▶ _Task_
Set down every line of the data exactly, skipping the pictures.

▶ _Input data_
================================
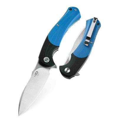 Description: Couteau EDC Bestech Penguin lame drop point en acier D2 59 61HRC -Pivot de la lame sur roulements à billes - Liners acier - Plaquettes dumanche black & blue en G10 - Ouverture d'une main - Sécuritélinerlock - Clip
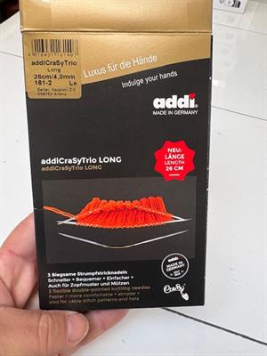 Når der strikkes rundt, fordeles maskerne på to af pindene, og der strikkes med den tredje. Derved er der kun to pindeskift på en omgang. Grundet den fleksible midte ligger pindene godt i enhver hånd og giver dermed en rar strikkeoplevelse. Addi CraSy Trio findes i mange forskellige størrelser.
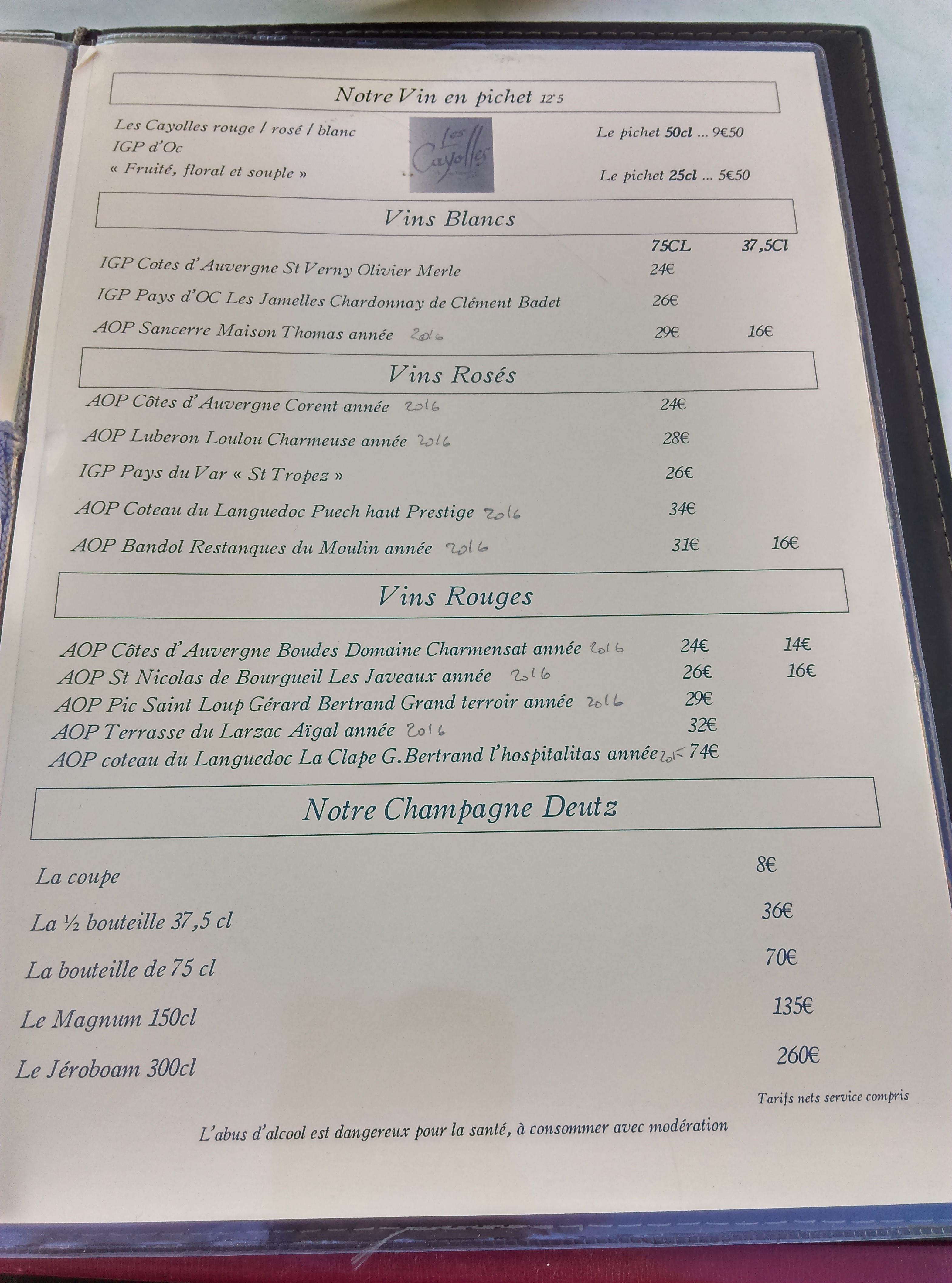 Prix des menus très correcte. Très bonne ambiance de la part du patron et des serveuses. A conseiller fortement
================================
▶ _Written answer_
 Description: Couteau EDC Bestech Penguin lame drop point en acier D2 59 61HRC -Pivot de la lame sur roulements à billes - Liners acier - Plaquettes dumanche black & blue en G10 - Ouverture d'une main - Sécuritélinerlock - Clip
 Når der strikkes rundt, fordeles maskerne på to af pindene, og der strikkes med den tredje. Derved er der kun to pindeskift på en omgang. Grundet den fleksible midte ligger pindene godt i enhver hånd og giver dermed en rar strikkeoplevelse. Addi CraSy Trio findes i mange forskellige størrelser.
 Prix des menus très correcte. Très bonne ambiance de la part du patron et des serveuses. A conseiller fortement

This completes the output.